VIII. Special Situation Management: Azoospermia and Micro-TESE
For patients with obstructive or non-obstructive azoospermia, some hospitals in Hong Kong have the capability for microdissection testicular sperm extraction (Micro-TESE). This is currently one of the highest success rate techniques for obtaining sperm.
When is Micro-TESE suitable?
- Non-obstructive azoospermia (i.e., testicular spermatogenic failure or severe impairment), where conventional biopsy cannot find sperm.
- Patients with AZFc microdeletion, who still have a certain probability of finding sperm in the testicles.
- Spermatogenic impairment following previous chemotherapy or radiotherapy.
When is it not suitable?
- Complete deletion of AZFa or AZFb regions — spermatogenic function is nearly zero, success rate of Micro-TESE is extremely low, not recommended.
- Bilateral testicular volume < 3 mL and extremely elevated FSH (> 30 mIU/mL) — indicates severe spermatogenic failure, low sperm retrieval success rate, requires careful evaluation.
What precautions are needed?
- Micro-TESE requires general anesthesia in an operating room. Rest for 1-2 days post-surgery, avoiding strenuous activity.
- Genetic counseling and chromosome testing must be completed before surgery to identify the cause.
- If retrieved sperm are extremely few, they must be cryopreserved immediately and used for ICSI fertilization later.
IX. Doctor's Advice: When Should the Male Partner Initiate Andrology Evaluation
From a reproductive doctor's perspective, it is recommended that the male partner complete an andrology evaluation as early as possible (1-3 months in advance) before planning IVF in the following situations:
- Previous abnormal semen analysis (oligospermia, asthenospermia, teratospermia, azoospermia)
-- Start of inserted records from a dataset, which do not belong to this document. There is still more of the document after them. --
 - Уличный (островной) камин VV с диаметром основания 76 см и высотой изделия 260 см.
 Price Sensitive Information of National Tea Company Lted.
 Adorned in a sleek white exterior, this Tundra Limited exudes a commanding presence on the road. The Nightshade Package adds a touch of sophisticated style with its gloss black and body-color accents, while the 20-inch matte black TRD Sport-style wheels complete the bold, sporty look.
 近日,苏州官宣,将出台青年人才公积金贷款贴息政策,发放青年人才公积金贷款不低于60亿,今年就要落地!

- History of testicular trauma, torsion, or undescended testicle surgery
- History of varicocele or epididymitis
- History of radiotherapy, chemotherapy, or immunosuppressant use
- Family history of genetic diseases or previous miscarriage history (requires investigation of male genetic factors)
- Age > 45 years (sperm DNA fragmentation index increases with age)
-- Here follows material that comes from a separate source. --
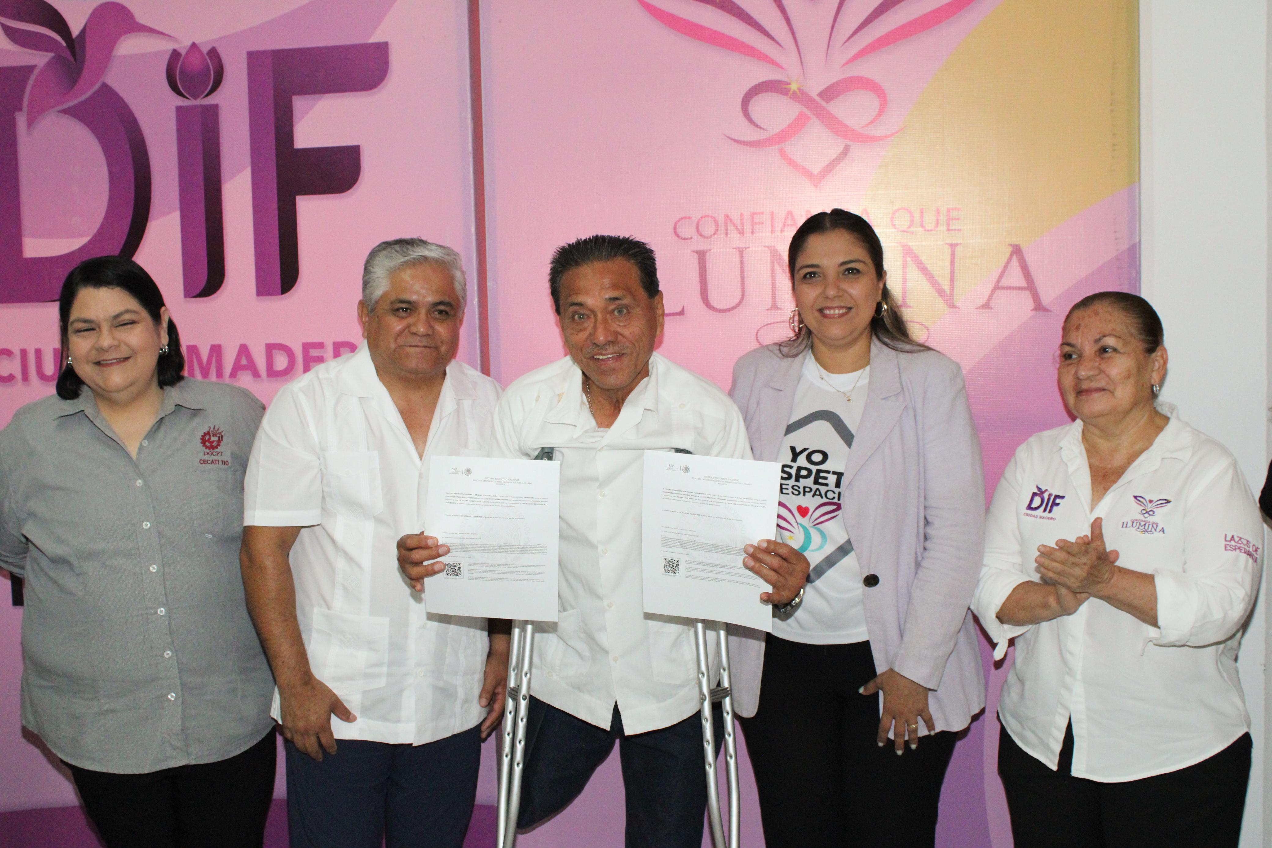 Con el firme propósito de seguir abriendo oportunidades para las personas con discapacidad, el Sistema DIF Ciudad Madero, que encabeza su presidenta, Lic. Dunia Marón Acuña, y el CECATI 110 llevaron a cabo la entrega de constancias de los cursos de capacitación para inclusión laboral, en los que participaron 24 alumnas y alumnos que concluyeron su formación como Auxiliares Administrativos y Operadores de Call Center.

Even if the male partner has previously fathered a child or the female partner has been pregnant before, it is still recommended to complete a basic semen analysis before starting an IVF cycle, as sperm quality can change over time, and the requirements for sperm in IVF technology differ from natural conception.
X. Risk Reminders and Precautions
Finally, emphasize several risks and precautions related to andrology diagnosis and treatment:
- Surgical Sperm Retrieval Carries Wound Risks — Testicular/epididymal aspiration or Micro-TESE may result in hematoma, infection, or pain, with an incidence rate of about 1-5%. Choose an experienced doctor for the procedure.
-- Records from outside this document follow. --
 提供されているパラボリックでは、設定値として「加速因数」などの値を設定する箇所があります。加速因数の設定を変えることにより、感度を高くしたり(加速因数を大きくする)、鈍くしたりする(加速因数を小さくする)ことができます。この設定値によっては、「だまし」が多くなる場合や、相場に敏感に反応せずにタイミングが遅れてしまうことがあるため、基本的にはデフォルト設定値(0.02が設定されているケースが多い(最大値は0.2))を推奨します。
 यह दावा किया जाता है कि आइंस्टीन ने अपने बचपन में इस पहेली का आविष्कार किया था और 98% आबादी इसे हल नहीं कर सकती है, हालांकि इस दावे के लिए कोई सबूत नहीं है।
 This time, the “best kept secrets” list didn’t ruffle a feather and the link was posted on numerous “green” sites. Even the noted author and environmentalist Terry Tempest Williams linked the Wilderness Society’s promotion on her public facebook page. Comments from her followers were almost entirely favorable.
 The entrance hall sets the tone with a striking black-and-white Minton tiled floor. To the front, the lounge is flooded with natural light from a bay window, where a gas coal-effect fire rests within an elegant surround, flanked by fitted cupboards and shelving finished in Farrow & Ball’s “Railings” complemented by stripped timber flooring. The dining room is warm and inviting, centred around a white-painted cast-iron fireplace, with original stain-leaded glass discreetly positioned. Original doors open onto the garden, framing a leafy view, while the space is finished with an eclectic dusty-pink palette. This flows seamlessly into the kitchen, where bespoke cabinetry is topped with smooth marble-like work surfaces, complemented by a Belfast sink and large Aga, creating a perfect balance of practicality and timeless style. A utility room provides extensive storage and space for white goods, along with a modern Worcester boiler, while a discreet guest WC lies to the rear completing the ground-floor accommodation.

- Genetic Risks — Some male infertility is caused by genetic factors. If sperm are obtained through surgery and successfully fertilize an egg, the offspring may inherit the same genetic defect. It is recommended to complete genetic counseling before surgery and assess the need for PGT.
- Sperm Cryopreservation Loss — The freeze-thaw process leads to approximately 30-50% loss of sperm motility. For patients with extremely low sperm count or very poor quality, assess whether freezing is suitable or opt for using fresh sperm on the day of collection.
- Referral Coordination Between Different Hospitals — If the chosen reproductive center and the andrology specialist are not in the same institution, confirm whether medical records and test reports are mutually recognized and whether the referral process is smooth to avoid treatment delays due to poor communication.
Suggestions for Next Steps: If you are considering IVF in Hong Kong, it is recommended that the male partner first complete a basic semen analysis and reproductive hormone test. Based on the results, decide whether further specialized andrology consultation is needed. Most reproductive centers in Hong Kong can arrange semen testing on the day of the initial consultation or the following day. Genetic tests like chromosome analysis can be done simultaneously to shorten the overall evaluation time.